**Work to complete**
Start with the line that holds "memilikinya di mobil". Please copy it and each remaining line below exactly, leaving pictures out.
=== Section Start ===
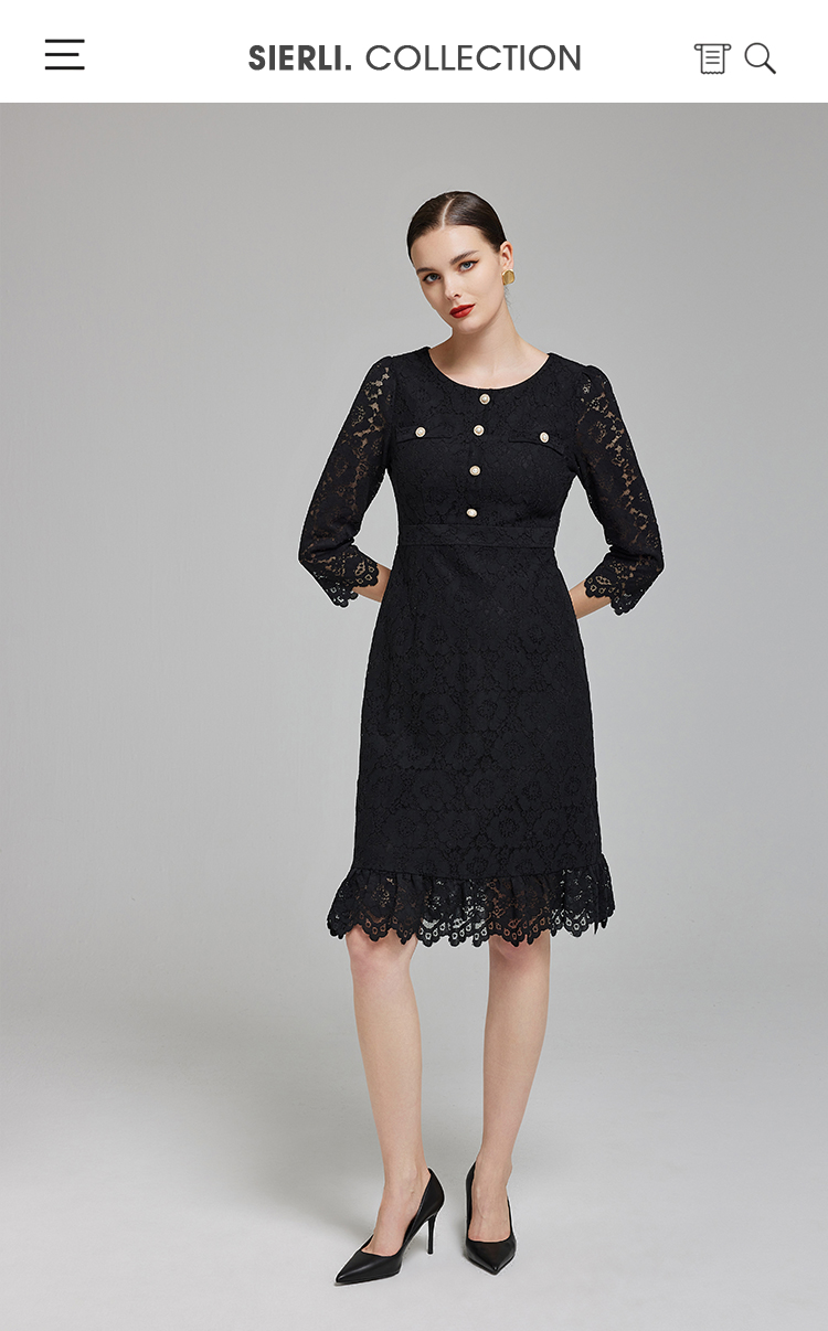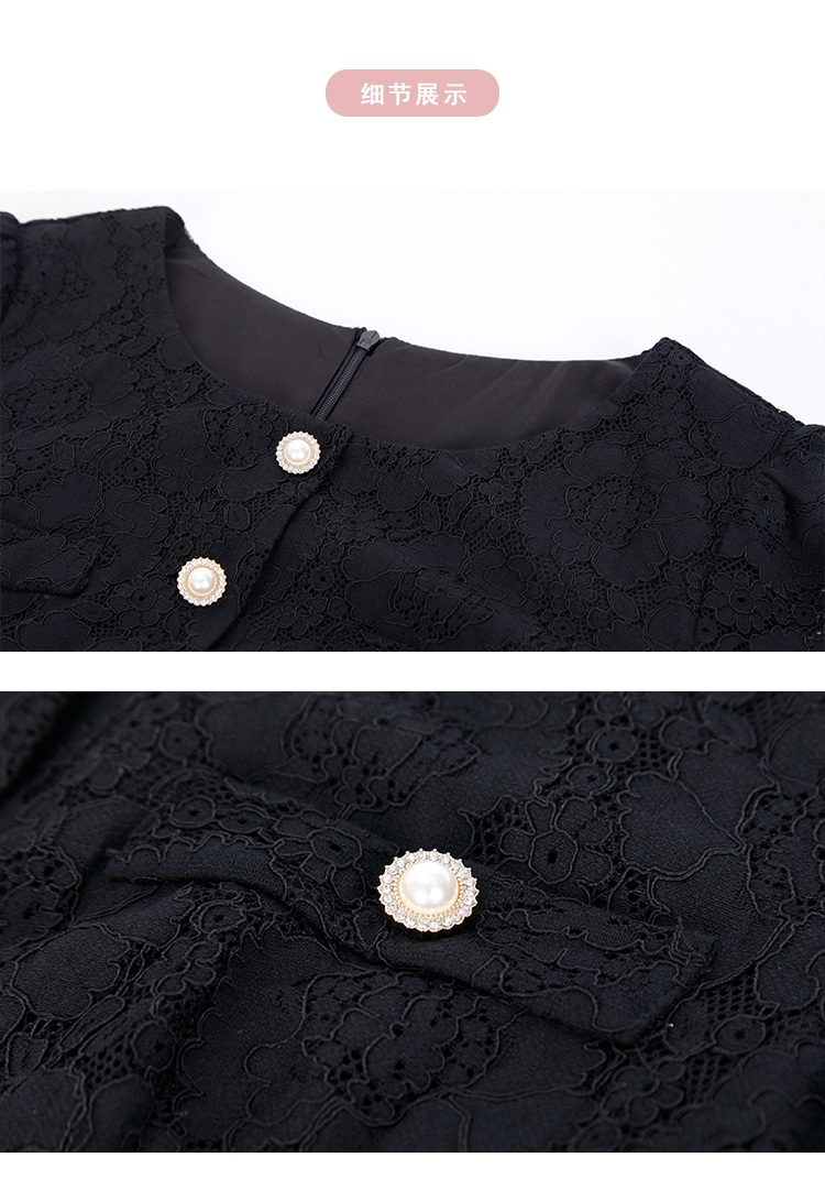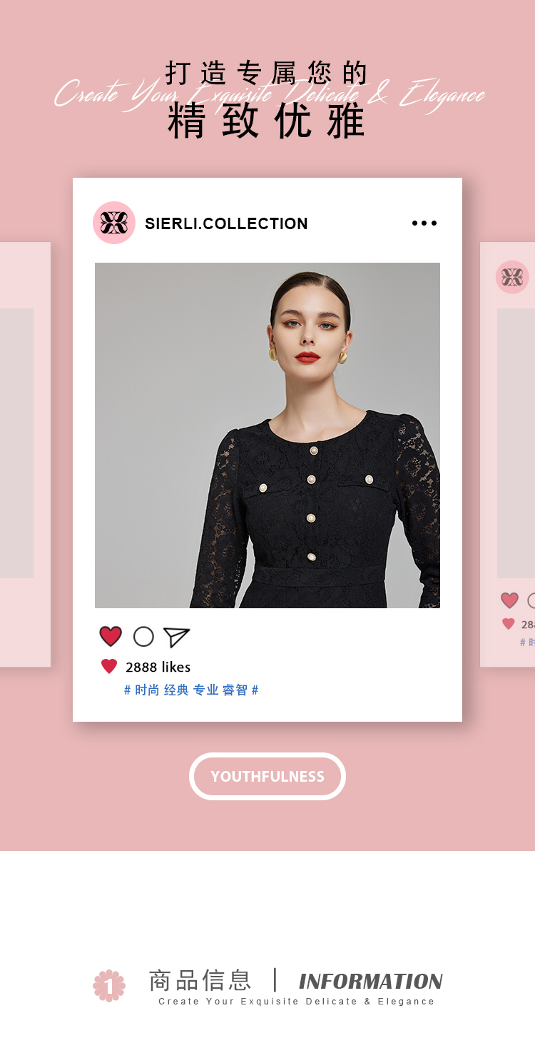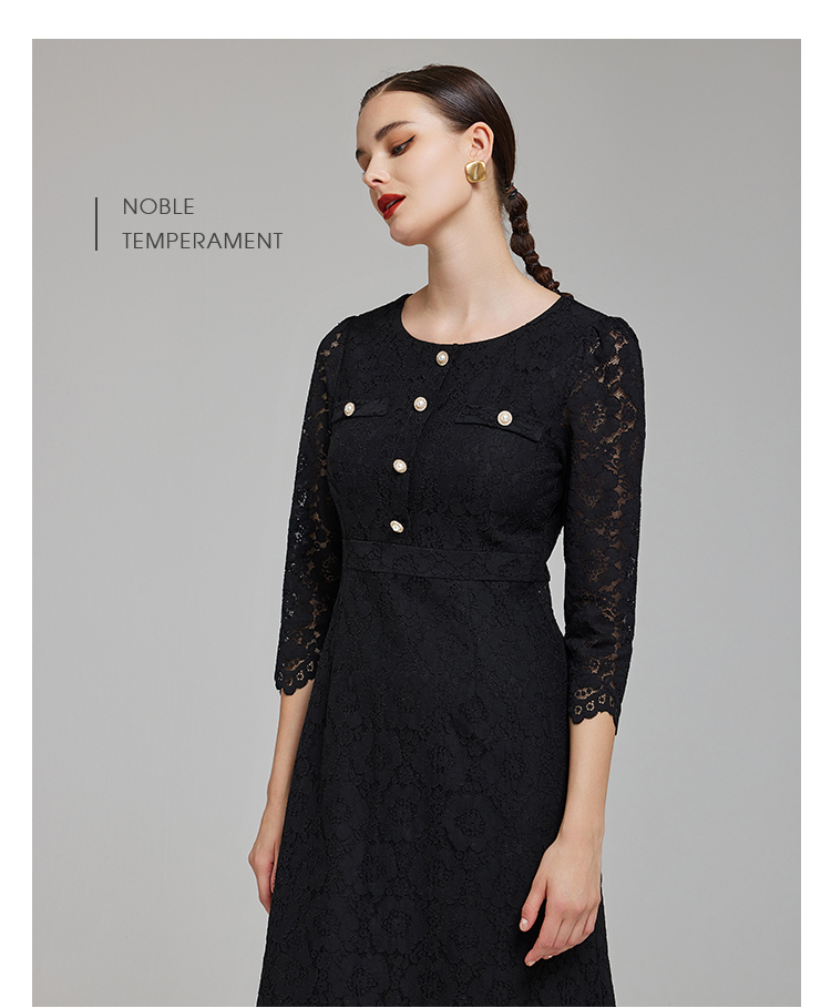 NG832斯尔丽2023秋季新款蕾丝减龄修身显瘦圆领连衣裙
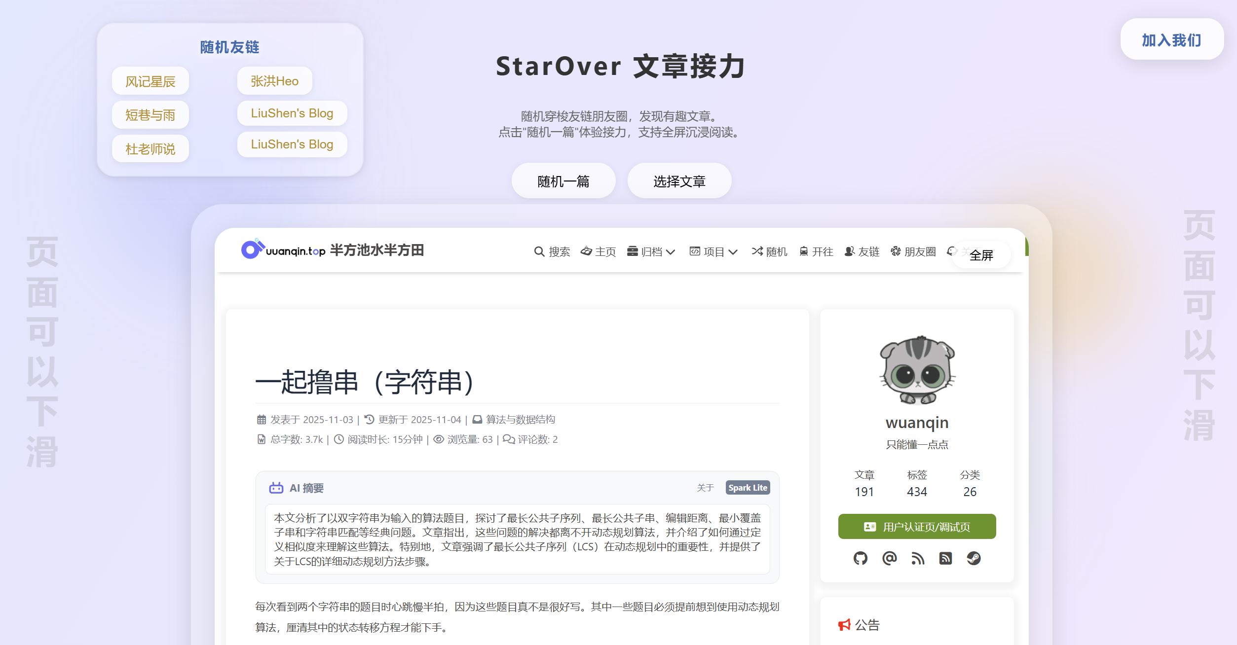 StarOver 友链接力站致力于打破博主创作孤单,提供“随机一篇”内容探索,构建博主共生生态,让优质内容被看见,创作不再孤单。
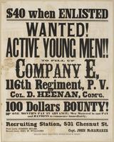 $40 when enlisted Wanted! Active young men to fill up Company E, 116th Regiment, P.V. : Col. D. Heenan, com'g. 100 dollars bounty! One month's pay in advance; men mustered in and pay and rations to commence immediately. Recruiting station, 531 Chesnut St. / Capt. John McNamarer First Lieut. Joseph Miles. Second Lieut. Geo. W. Williams.
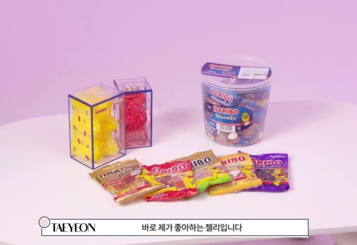 "Saya memilikinya di mobil dan juga di rumah. Dan saya hanya makan di rumah ketika saya melihatnya." Saat ditanya apa camilan favoritnya, Taeyeon menjawab, "Jelly" tanpa ragu-ragu.
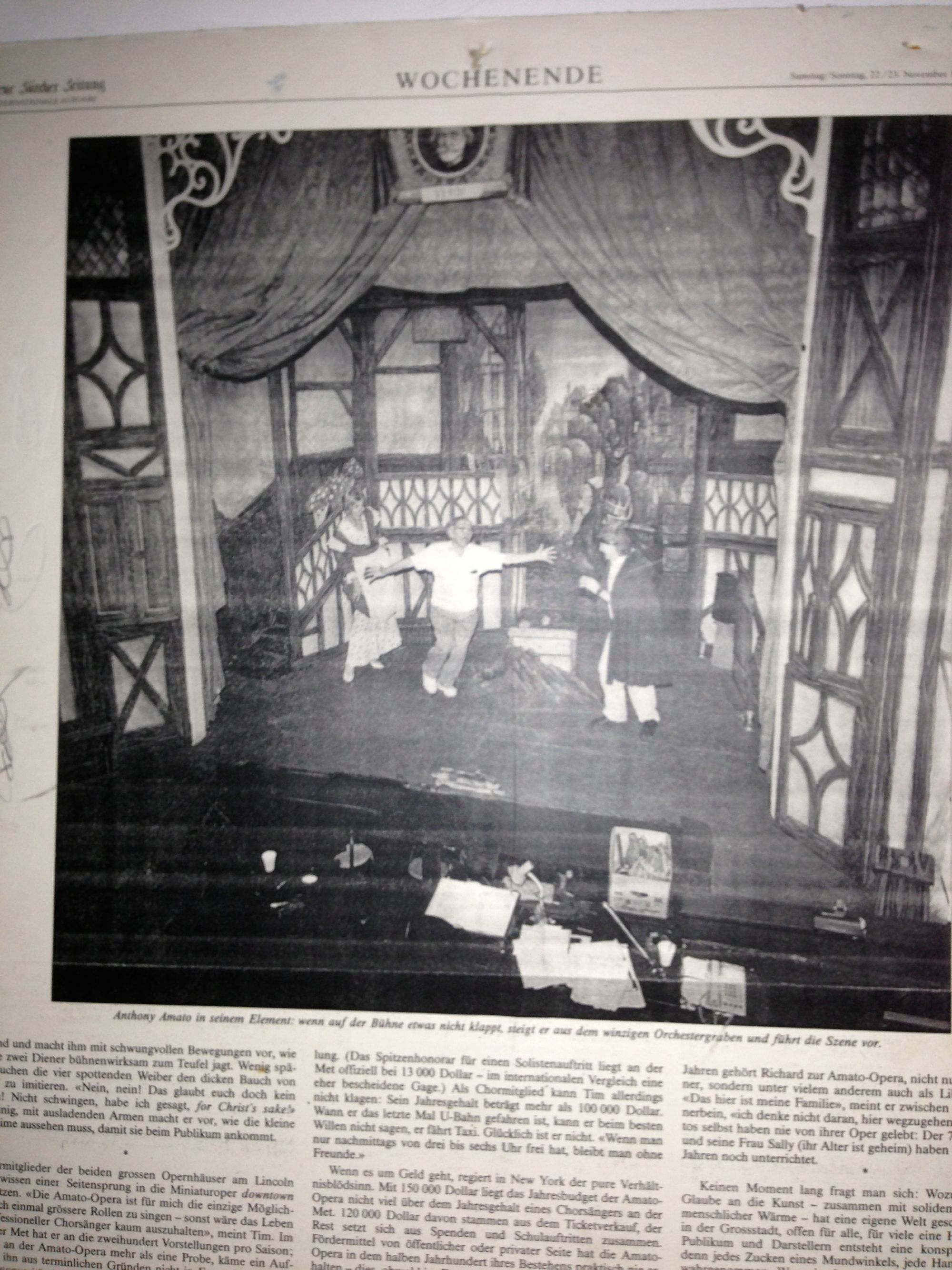 Antinio “Tony” Amato was the founder of the Amato Opera Theatre which opened on September. 12, 1948, in the basement of Our Lady of Pompeii Church in Greenwich Village. It later moved to the Bowery location in 1964. Originally a butcher, Amato left his job to pursue his passion in opera, and after stints at regional and summer opera companies, he founded the Amato Opera Theatre to give returning servicemen, many who were his students, a place to perform. A live performance can be seen on YouTube here and an image of the stage here.
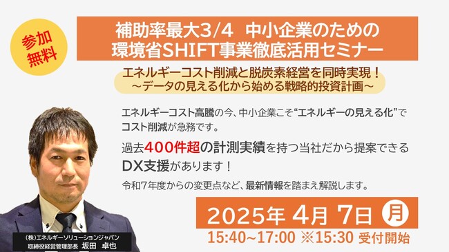 株式会社エネルギーソリューションジャパン(本社:東京都中央区、代表取締役:田崎 剛史、以下「ESJ」)は、2025年4月7日(月)に「環境省SHIFT補助金活用セミナー」をオンラインで開催いたします。本セミナーでは、令和6年度補正予算3,000百万円、令和7年度予算案2,786百万円で実施される環境省のSHIFT事業(脱炭素技術等による工場・事業場の省CO2化加速事業)について、最新の公募情報を踏まえた実践的な活用方法を解説します。
=== Section End ===
**Output below**
 "Saya memilikinya di mobil dan juga di rumah. Dan saya hanya makan di rumah ketika saya melihatnya." Saat ditanya apa camilan favoritnya, Taeyeon menjawab, "Jelly" tanpa ragu-ragu.
 Antinio “Tony” Amato was the founder of the Amato Opera Theatre which opened on September. 12, 1948, in the basement of Our Lady of Pompeii Church in Greenwich Village. It later moved to the Bowery location in 1964. Originally a butcher, Amato left his job to pursue his passion in opera, and after stints at regional and summer opera companies, he founded the Amato Opera Theatre to give returning servicemen, many who were his students, a place to perform. A live performance can be seen on YouTube here and an image of the stage here.
 株式会社エネルギーソリューションジャパン(本社:東京都中央区、代表取締役:田崎 剛史、以下「ESJ」)は、2025年4月7日(月)に「環境省SHIFT補助金活用セミナー」をオンラインで開催いたします。本セミナーでは、令和6年度補正予算3,000百万円、令和7年度予算案2,786百万円で実施される環境省のSHIFT事業(脱炭素技術等による工場・事業場の省CO2化加速事業)について、最新の公募情報を踏まえた実践的な活用方法を解説します。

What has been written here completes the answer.